Immediately after work yesterday I headed downtown to begin the Wisconsin Film Festival. Things got off to a nostalgic start as I found myself in room 4070 of Vilas Hall where I'd spent many an hour in Comm Arts classes as a student at the UW. It got even more nostalgic when Jim Kreul, a former TA and co-founder of the festival, got up on stage to greet us and introduce the film we were to see. Kreul's sartorial sense has shifted since the mid-90s and he was clad in dress shirt, jacket, and slacks – a far cry from his jeans/grey hoodie days. Jim, leave the professorial get-up in North Carolina and bring back the hoodie!
Last night's showing was of Charles Burnett's Killer of Sheep. Shot in 1972-73 as a student project, it was not released until 1977. While it won awards and much acclaim, it never saw commercial distribution due to the fact he never secured the rights to use 22 songs on the soundtrack which were by some very well-known artists. In 2000, Dennis Doros of Milestone Films heard about the restoration of Killer of Sheep at the UCLA film archives and he set out, with a healthy donation by Steven Soderbergh, to secure the music rights so the film could be re-released. His quest was successful and Killer of Sheep is now making the rounds.
Burnett's aim was to portray the lives of black people in L.A. in a realistic manner; to show well-meaning but also comparatively well-off whites that their ideas for helping the poor black communities perhaps needed a bit of rethinking. He has stated that the film was meant to be shown to communities privately and not for commercial distribution. Killer of Sheep looks at the life of Stan, a family guy who lives in Watts, which still shows the scars of the riots there just 7 years previously. Stan works at a slaughterhouse and the sturm und drang is making him numb to his family and life, generally.
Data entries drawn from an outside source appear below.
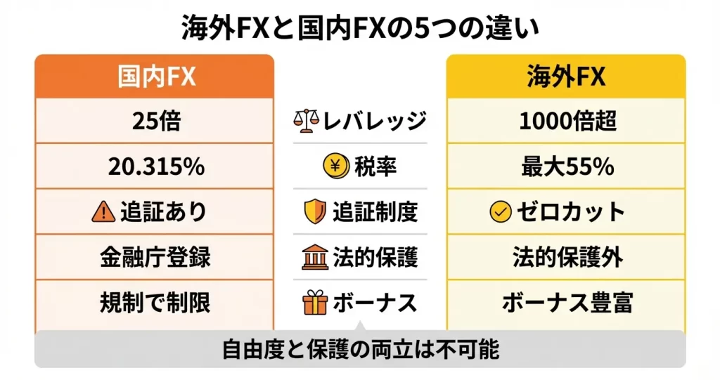 国内FX業者には顧客資産の全額信託保全が法律で義務付けられていますが、海外FX業者にはそうした規制が存在しない、または緩やかな基準にとどまっています。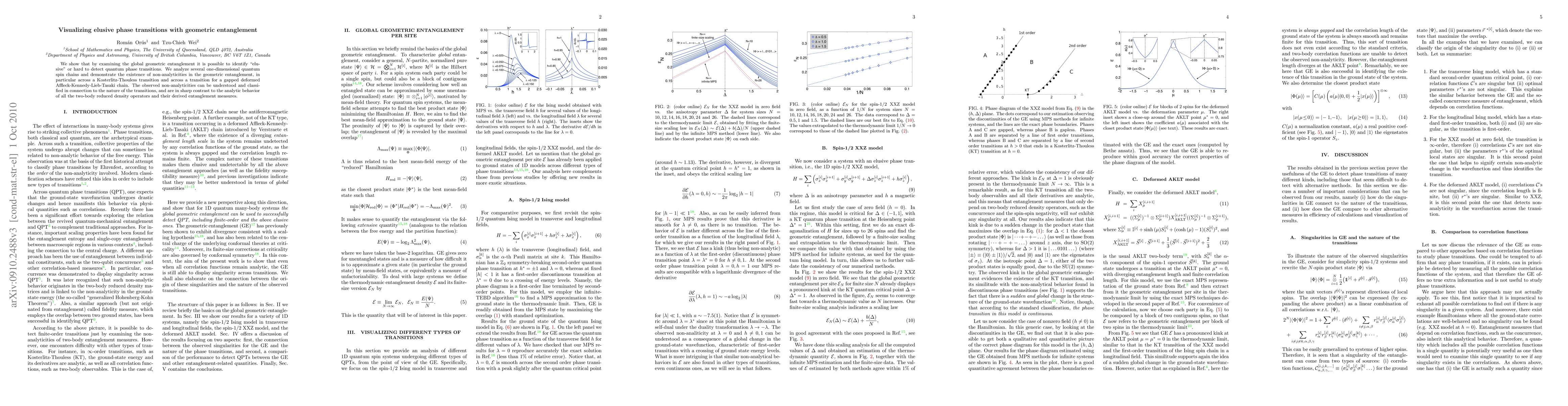 This paper demonstrates that global geometric entanglement can reveal elusive quantum phase transitions, exemplified by non-analyticities observed across Kosterlitz-Thouless and gapped deformed Affleck-Kennedy-Lieb-Tasaki transitions in one-dimensional quantum spin chains, contrasting with the analytic behavior of two-body reduced density operators.
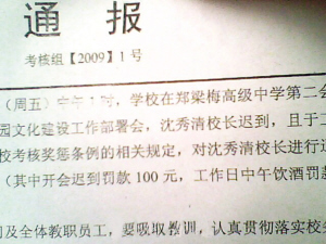 11日下午1時(shí),淮安市漣水縣鄭梁梅高級(jí)中學(xué)開會(huì),校長沈秀清因遲到且當(dāng)日中午飲酒,被該校崗位獎(jiǎng)懲考核組罰款600元,并通報(bào)批評(píng)。事情發(fā)生后,有網(wǎng)友將該校對(duì)沈校長的《通報(bào)》發(fā)到網(wǎng)上,一時(shí)間,網(wǎng)友對(duì)該通報(bào)的真實(shí)性及校長是以身作則、還是校方自我炒作提出質(zhì)疑。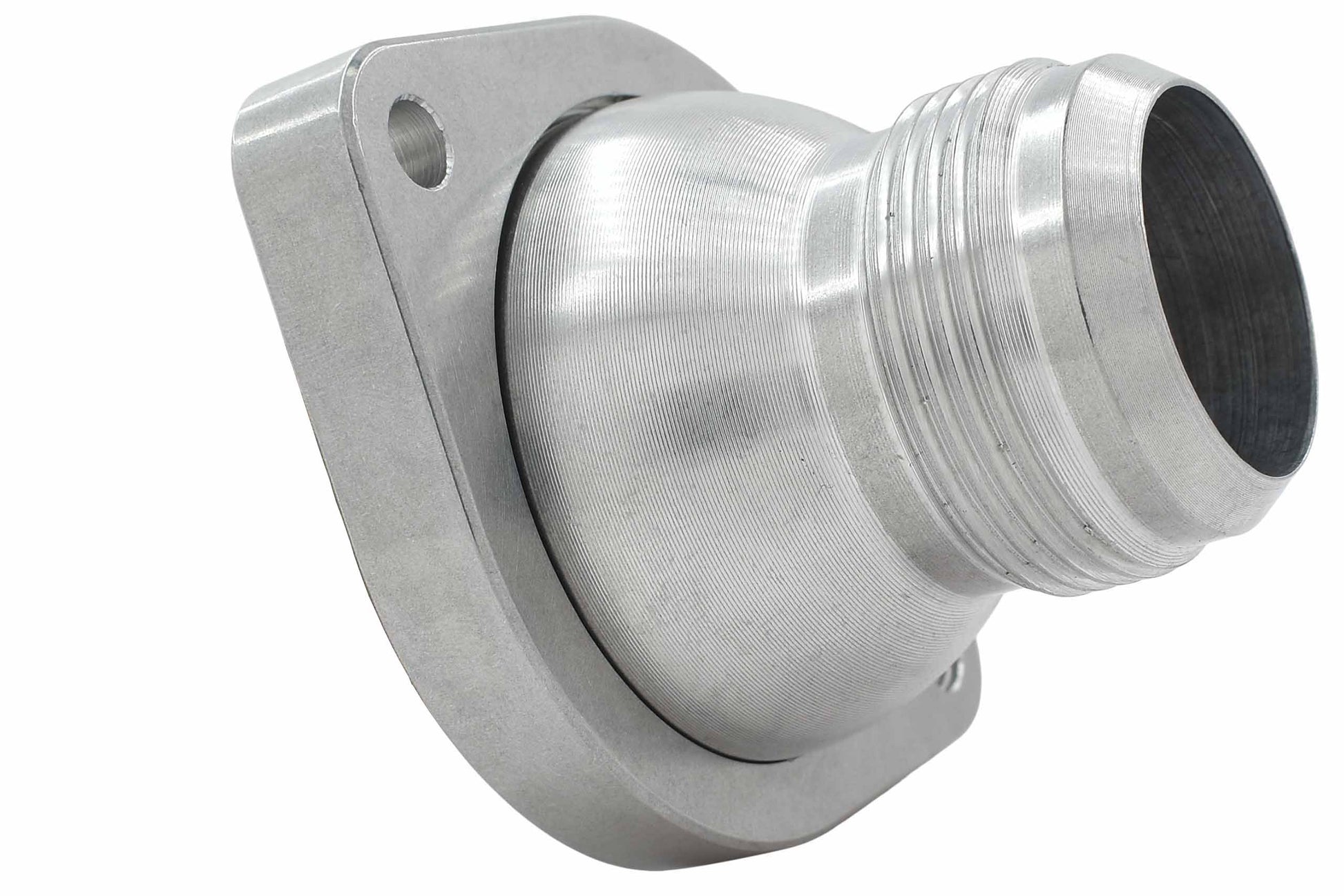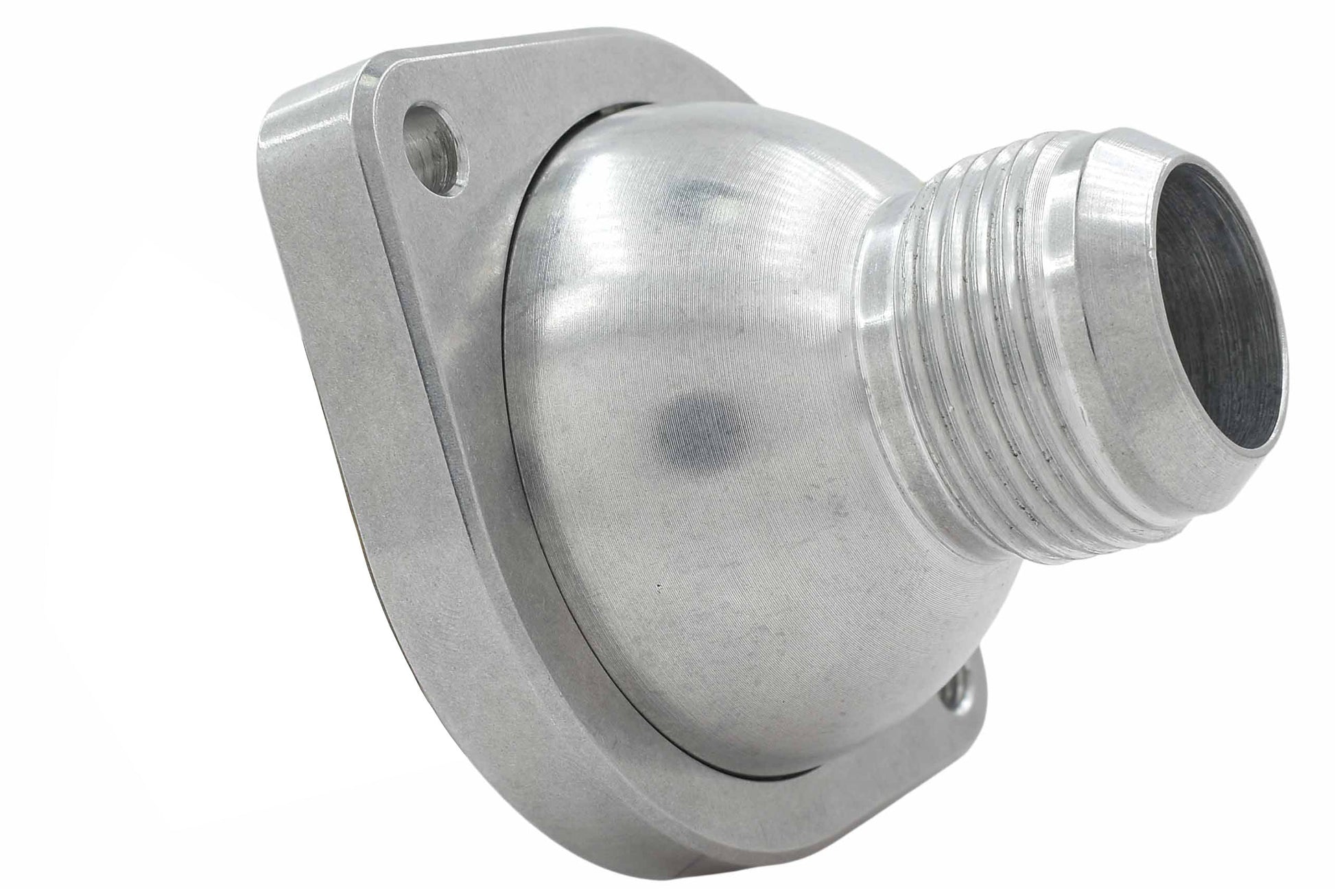 - This thermostat housing converts water pump inlet to a -16AN male fitting for more durable, high pressure hoses

The film lacks a 3-act plot and is more akin to Italian neo-realism with it's slice-of-life story and use of non-actors. Scenes with Stan at work are set against those with him at home where he can only muster a thousand-yard stare in the face of his wife's sexual advances. She also notes that he never smiles anymore. Stan's lethargy is contrasted by the activities of the neighborhood kids. They seem ostensibly happy as we see them running around, having rock fights, and playing on the railroad tracks amidst the vacant lots and dilapidated buildings.
The pace here is slow and deliberate. A two-minute scene of Stan and his friend are carrying an engine down a couple flights of stairs would be a 3-second shot in your average Hollywood movie. I really loved the cinematography with its judicious use of wide angle lenses and a great tracking shot of two thieves hauling a stolen TV down an alley. The way I'm describing this probably sounds like the film is a very fractured view of a man, his family, and the neighborhood they live in and I suppose this is true, in a way. But Burnett keeps things together with scenes in Stan's home. It's a modest house but it's a home for the characters. The shot composition varies so it never seems like the many scenes that take place in the kitchen are the same. And the scene with the girl singing to Earth, Wind, and Fire was absolutely charming. It's not Stan's home life which is the problem, it's his job killing sheep.
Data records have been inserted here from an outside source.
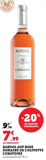 Bandol aop rose domaine de l'olivette l'oratoire : offres et promos U Express à découvrir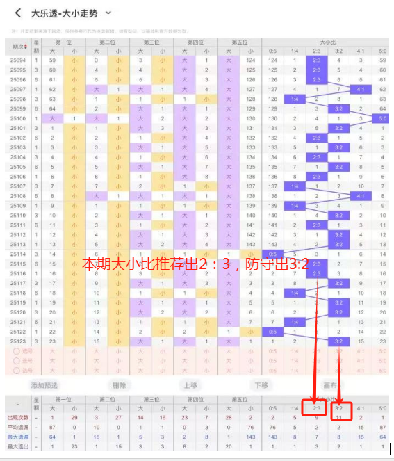 6、大小比:上期开出大小比为3:2,近80期开出4:1出现19次,3:2出现32次,2:3出现42次,1:4出现27次,5:0出现3次,本期推荐出2:3,防守出3:2,本期重点推荐出3:2。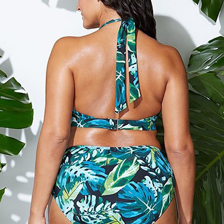 Women's two-piece swimsuit with straps that tie at the neck and a V-neckline. The bottom has a medium-high waist and a slight cutout. Leaf pattern print. Available in plus sizes.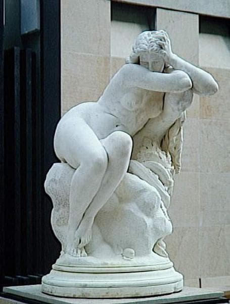 LE MODELE EN PLATRE EXECUTE A ROME EN 1867 COMME TRAVAIL DE TROISIEME ANNEE FUT ENVOYE A PARIS ET ACQUIS PAR L'ETAT EN 1869, SA LOCALISATION EST INCONNUE DE MEME QUE CELLE D'UNE MAQUETTE EN PLATRE DONNEE PAR DELAPLANCHE AU MUSEE DU LUXEMBOURG EN 1887 ; DES ESQUISSES EN CIRE FURENT DONNEES A LA NY CARLSBERG GLYPTOTEK DE COPENHAGUE PAR LA VEUVE DE DELAPLANCHE ; UN DESSIN EST CONSERVE AU CABINET DES DESSINS DU LOUVRE (RF 15 565) ; UN MOULAGE EN PLATRE ACQUIS EN 1892 ET CONSERVE AU MUSEE DU LOUVRE (RF 906) N'EST PAS LOCALISE ; IL POURRAIT ETRE LE MEME TIRAGE QUE CELUI EXECUTE SUR LE MODELE PRETE PAR MME DELAPLANCHE EN 1892? ; UN MOULAGE EST CONSERVE A LA NY CARLSBERG GLYPTOTEK DE COPENHAGUE, UN AUTRE AU MUSEE-CHATEAU D'ANNECY, UN TROISIEME AU MUSEE DE TOULON ; REDUCTIONS EN MARBRE DONT UNE PRESENTEE A L'EXP. UN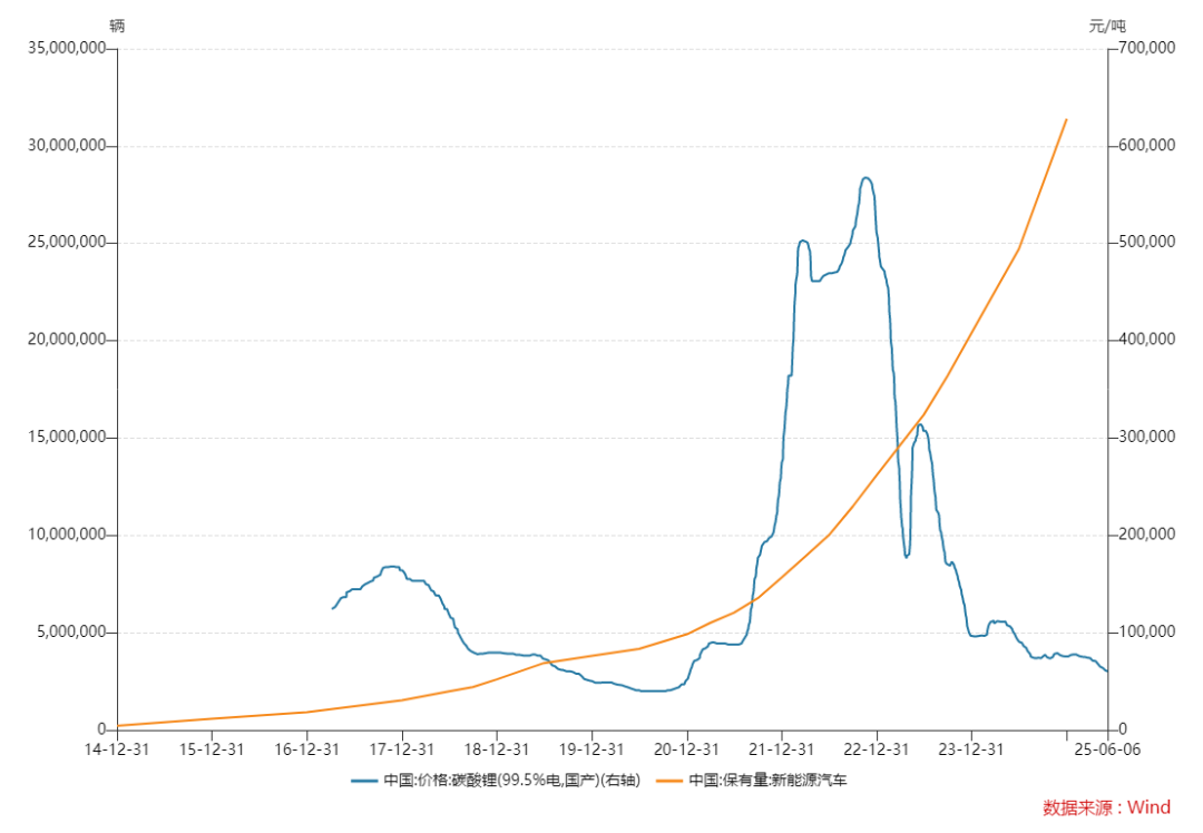 “鋰價(jià)自2022年高點(diǎn)以來(lái)逐步回歸理性,在供給逐步釋放和需求增速放緩的背景下,鋰價(jià)逐步尋底,目前已接近上一輪低點(diǎn)?!?025年6月3日,浙商證券分析師沈皓俊在其研究報(bào)告中表示,鋰行業(yè)經(jīng)過(guò)三年多調(diào)整,已進(jìn)入“底部”區(qū)間。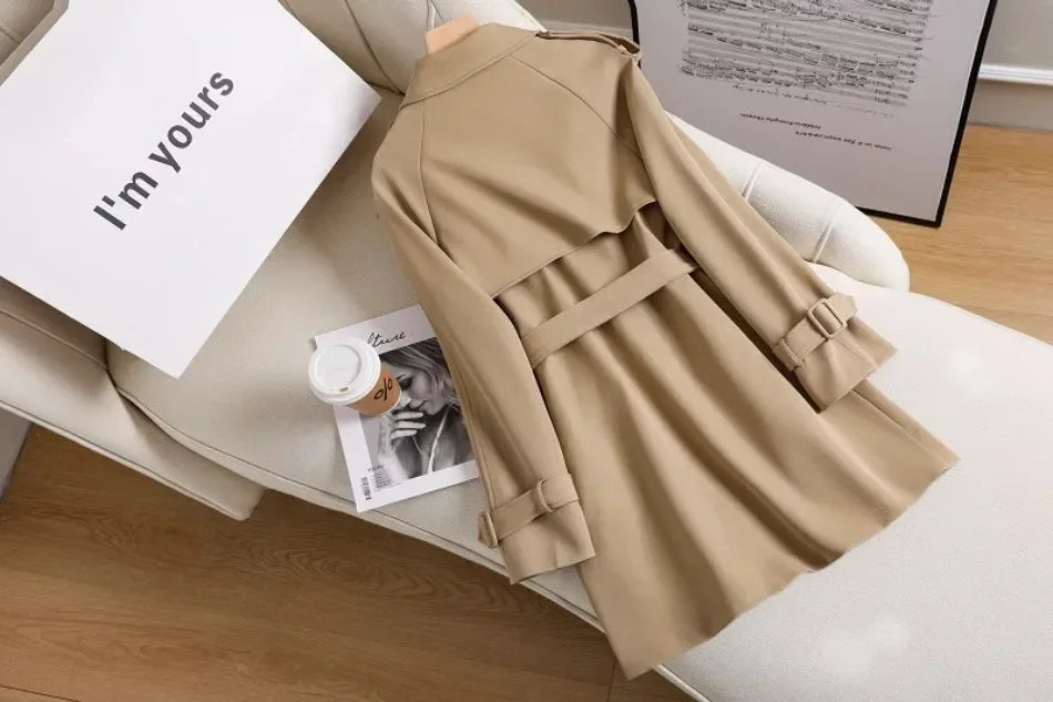Classic Elegance Belted Trench Coat – Timeless Beige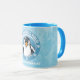 Mug com bela ilustração de um pinguim fofo. Texto tipográfico diz "Víblias de inverno Frio". Você pode personalizar seu nome! Visite nossa loja para mais designs.

The music, which kept the film from commercial release for 30 years, is also very important here. Songs by Paul Robeson, Scott Joplin, Elmore James, Dinah Washington, et al not only add commentary to the scene in which they appear, they also serve to remind the viewer that the situation in which the characters find themselves are historically contingent. The Watts ghettos didn't just arise out of a vacuum in the wake of the riots of 1965.
The shot that sticks with me is one in the slaughterhouse. Two Judas goats are in the foreground while a herd of sheep are in the back blissfully unaware of their collective fate. I found this is be a very potent picture and actually feared for Stan after seeing it.
Killer of Sheep was declared a national treasure by the Library of Congress and it was put into the National Film Registry and deservedly so. The film is an antidote to the Blaxploitation films fetishized by the Quentin Tarantinos of the world and stands as a great American film.
1 comment:
The more I think about that film, the more I appreciate it. I really liked how it reflected different *kinds* of people and how Stan interacted with them.
One thing that I have been thinking about a lot is how the scenes in the abbatoir are free of dialog. All of the noise of the outside world is left at the door.
My take on his relationship with his job is a bit different. While it didn't feel as though he were fulfilled, the job seemed to be the one thing that he could get done - with his friends, his family, his car, his house there was always more, but the (relatively) simple tasks of his job could be done, at least until they were performed at a predictable time down the line.
Did you notice that he was smiling at the end? He had turned a corner, I think. I loved the note of hopefulness ending the film.
Also a film* from that era about black people by a black person** feels like a pretty unique experience.
* which is not blaxplotative
**who is not creepy mario van peebles.